Note that we can define limits at \(-\infty\) in the same way as above.

We have already seen “\(\lim\)” notation. Recall that a sequence is just a function whose domain is the natural numbers. So this definition is identical to the definition of convergence fo sequences except that we are now allowing the domain to include other numbers.

It might be tempted to take a sequence of \(x\)-values in the domain \(x_n\) that goes to infinity and consider the sequence \(f(x_n)\). If we can show that \(f(x_n)\) converges to \(L\), then you might think that \(L\) is the limit of function \(f\). Generally, this is ok, but not always. We cannot just pick one sequence! Since the domain of \(f\) can be quite large, say all of \(\mathbb R\), then there will be many different ways to take our sequence of \(x\)-values \(x_n\). The limit of \(f(x_n)\) must not depend on how we choose our sequence of \(x\)-values.

Example: Find the limit of \(f(x)=1-\frac1x\) as \(x\rightarrow\pm\infty\).

We suspect \(\displaystyle\lim_{x\rightarrow\pm\infty} f(x)=1\). Note that \(|f(x)-1|<\epsilon\) requires \(\frac1{|x|}<\epsilon\). So given any \(\epsilon>0\) we choose a cutoff \(x\)-value \(M>\frac1\epsilon\) for \(x\rightarrow+\infty\), or a cutoff of \(-M<-\frac1\epsilon\) for \(x\rightarrow-\infty\) (Noting that I am requiring \(M>0\) here).

Now for the formal argument: Given \(\epsilon>0\), choose any \(M>\frac1\epsilon\). Then for \(x\leq -M\) we have \(|f(x)-1|=\frac1{|x|}\leq\frac1M<\epsilon\) and when \(x\geq M\) we have that \(|f(x)-1|=\frac1{x}\leq\frac1M<\epsilon\). Thus \(f(x)\rightarrow 1\) as \(x\rightarrow\pm\infty\).

Note that a function can have different limits as \(x\rightarrow+\infty\) and \(x\rightarrow-\infty\).

No limiting value at \(\infty\)

Remark 3.1.4 A function with an unbounded above domain \(D\) has no limiting value at plus infinity; that is, \(f\) has no finite limit at \(+\infty\), if and only if for every real number \(L\) there exists \(\epsilon > 0\) such that for every \(M > 0\) there exists an \(x \geq M\) with \(x \in D\), where \(|f(x) - L | \geq \epsilon\).

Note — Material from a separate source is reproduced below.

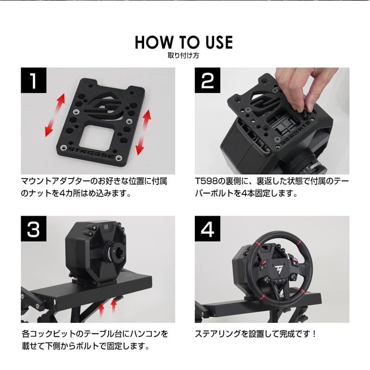 STRASSE T598マウントアダプター レーシングコックピット Thrustmaster T598 ハンコン ステアリング コントローラー スラストマスター ステアリング台 コックピット レーシングコックピット レーシングシミュレータe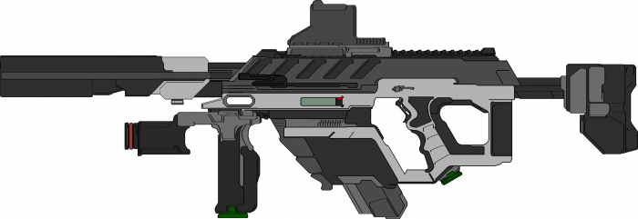The rifle features a flat top rail system to allow for the mounting for a wide variety of systems and optics however it lacks any kind of iron sights. Instead if a user has the right personal hardware suite or cybernetics it produces a standard augmented reality sight.

This is nearly identical to the statement about a sequence not having a limiting value. The idea is that no matter what \(\epsilon>0\) is given and no matter what cutoff \(x\)-value you choose There will be an \(x\) further out that makes your function value greater than \(\epsilon\) distance away from any proposed limit \(L\).

Example: \(f(x)=\sin(x)\) with domain \(\mathbb R\) has no limiting value as \(x\rightarrow\infty\) since no matter what cutoff \(M\) is chosen there are \(x\geq M\) that have form \(x=\frac\pi2+2\pi\cdot n\) and \(x=\frac{3\pi}2+2\pi\cdot n\) for \(n\in\mathbb N\). So if a limiting value \(L\) is proposed for \(f\), then let \(\epsilon=\frac12\min\{|L-1|,|L+1|\}\) and there will always be \(x\geq M\) (that take one of the forms above) such that \(f(x)=1\) or \(f(x)=-1\) of which at least one of those will be outside of the interval \((L-\epsilon,L+\epsilon)\).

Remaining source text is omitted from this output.